At the University of Notre Dame, a Science of Generosity Initiative is underway to help us understand how the human power to help can be strengthened. Thanks to a grant from the John Templeton Foundation, the university is providing funds to support researchers representing many academic disciplines from across the globe, who seek to develop a vision of what encourages, and threatens, our capacity to be generous. I am thrilled to learn of this initiative, but why not become explorers in our own right? Why can’t we become the leaders of an uprising in generosity that brings a fresh infusion of encouragement to our world?
I think that this journey might well begin with an act of humility. As Chuck and Mike enriched my life, I continue to be inspired by friends and strangers whose actions give me faith and courage.
On a daily basis I hear stories of people who raise funds for projects that care for people halfway across the globe, who donate kidneys to those in need of an organ transplant, and who eliminate complaint from their conversations in order to be more generous with praise. Some take on second jobs so that they can contribute more to the causes they support. Others reduce their expenses, so that they have more to give.
We are generous when we know that someone or something is worth fighting for. What is it that calls forth from us that kind of fierce energy and generosity for greater goodness? What resources do we need to engage that struggle, and who do we need to go with us?
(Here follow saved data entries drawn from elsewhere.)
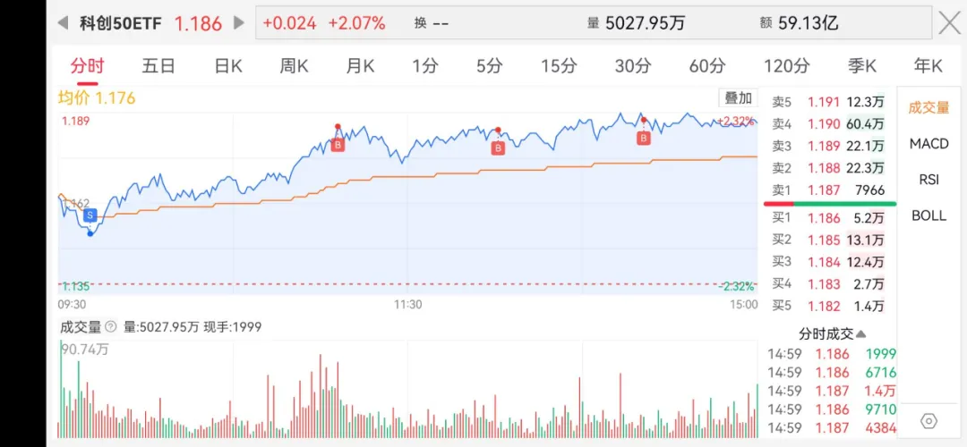 下跌减仓,上涨加仓,今天在科创50上完美展现。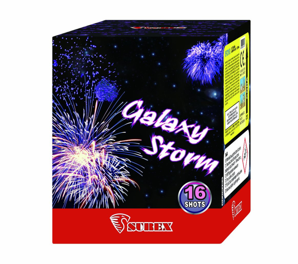 Kompakt GALAXY STORM s 16 ranami přináší úchvatné pyrotechnické představení plné světelných kontrastů a efektního třpytu. Během 23 sekund vystřeluje efekty kolmo vzhůru do výšky až 30 metrů. Můžete se těšit na zlatou třpytivou vrbu s modrou hvězdou, stříbrnou palmu s červenou hvězdou, zlatou praskající palmu s modrým středem a finální stříbrné ocasy přecházející do stříbrných třpytivých vrb. GALAXY STORM je ideální volba pro ty, kdo hledají kompaktní ohňostroj s působivým efektem a elegantními barvami.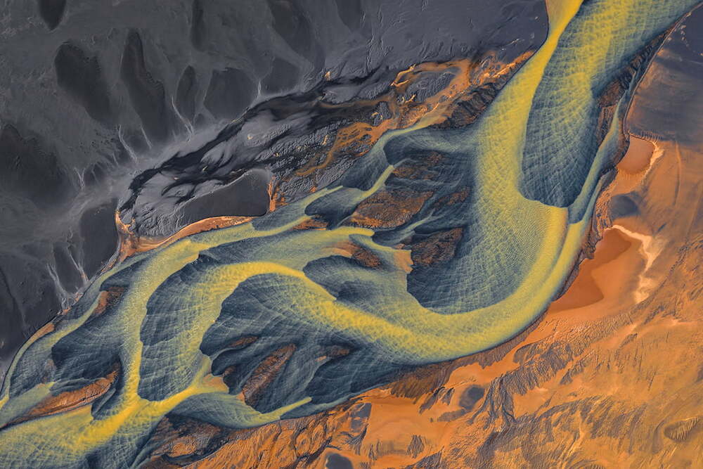 Grönland, Norveç, İzlanda ve Antarktika gibi kuzey bölgeleri Jan Erik Waider’nın soyut fotoğraf serilerinde keşif yapmayı sevdiği alanların başında geliyor. İzlanda’da havadan çektiği soyut manzara fotoğrafları A Colorful Flow serisinde bir araya geliyor. Soğuk renklerin ağırlıkta olduğu bu seride kuşbakışı çekilen manzara fotoğraflarındaki doğanın kıvrımlı hatları yüzeyi belirginsizleştiriyor. Ortaya neresi olduğu belli olmayan ama sakinleştiren ve huzur veren fotoğraflar çıkıyor.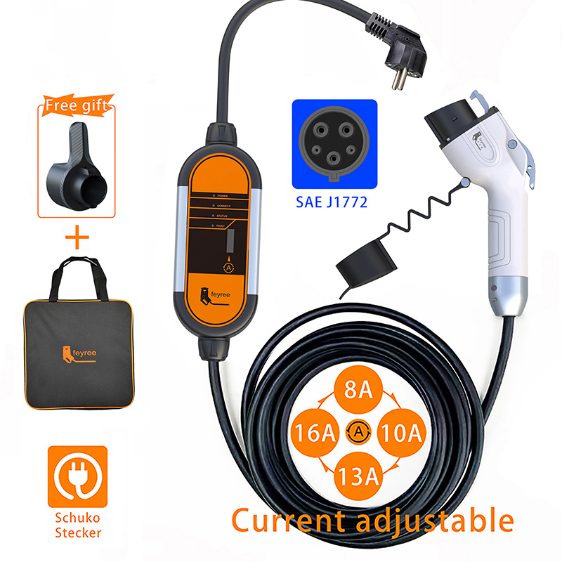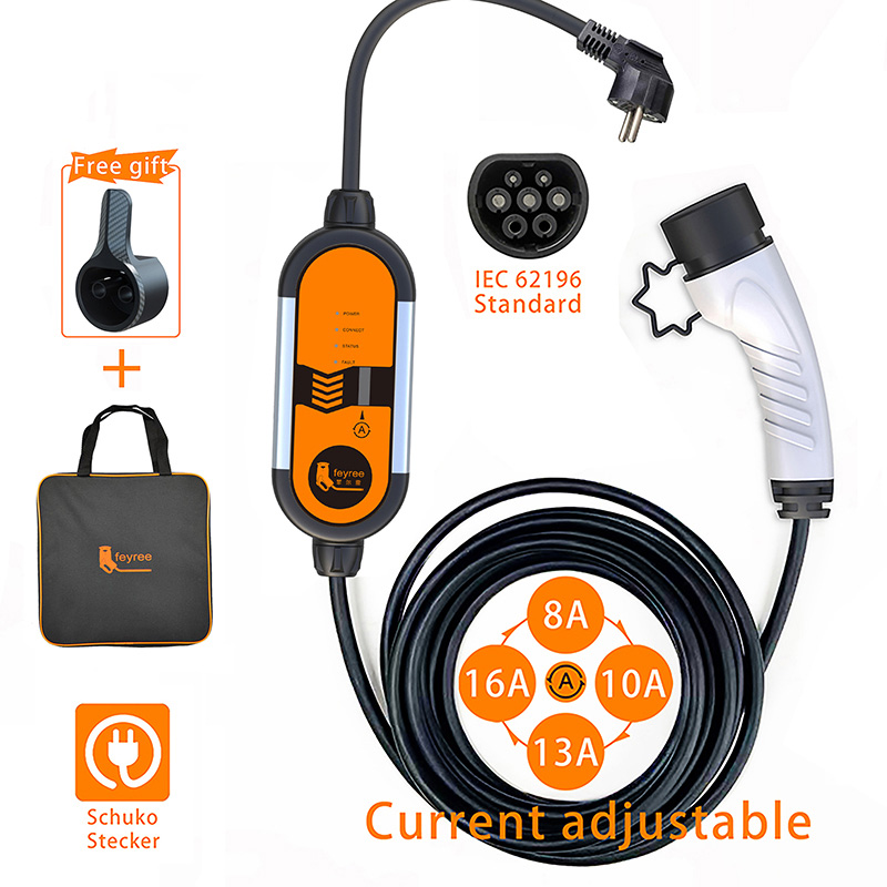 This EV charger is designed with your needs in mind, from its rugged build to its advanced safety features. The Type2 IEC 62196-2 and Type1 J1772 compatibility ensures it works with a wide range of electric vehicles and plug-in hybrids, so you can charge with confidence. With adjustable current settings (8A/10A/13A/16A), you have the flexibility to choose between fast or slower charging modes, adapting effortlessly to different power needs.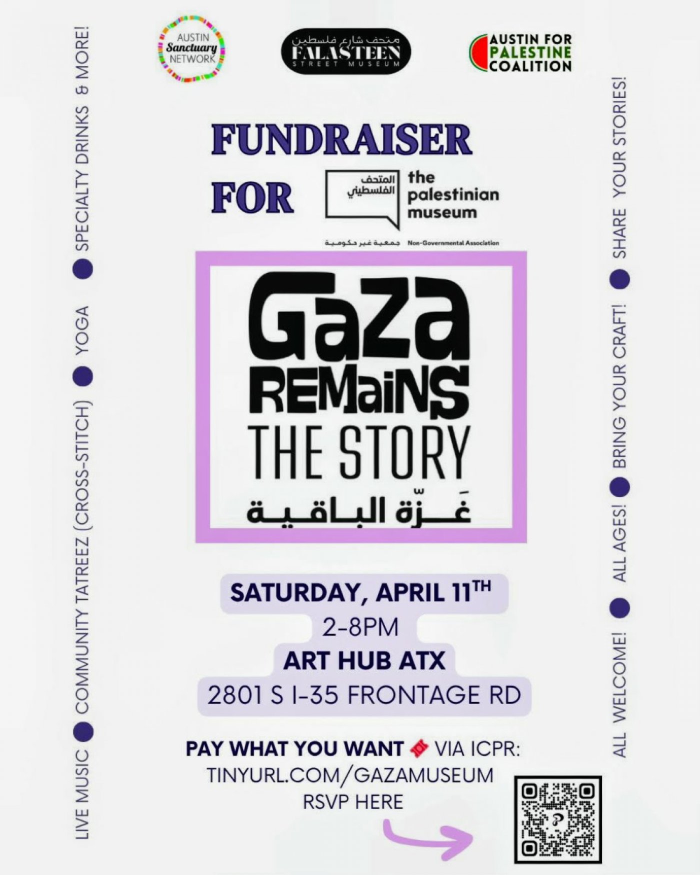 The Austin for Palestine Coalition and Austin Sanctuary Network wants to bring an art exhibit from the Palestinian Museum to Austin — what better way to do that than by making art in community, celebrating Palestinian culture and elevating local immigrant artists!!

These are the questions on my mind as I seek to become a more generous and loving person.
I am eager to hear more from the Science of Generosity Initiative at the University of Notre Dame. But my sense is that their efforts will affirm at least one thing we already know: that generosity is good for the heart. And that as we exercise the power to be gracious, such efforts will also be good for the heart of our community, good for the heart of our nation, and good for the heart of the whole world.
The Rev. Dr. Edward G. Horstmann is senior minister at Round Hill Community Church in Greenwich.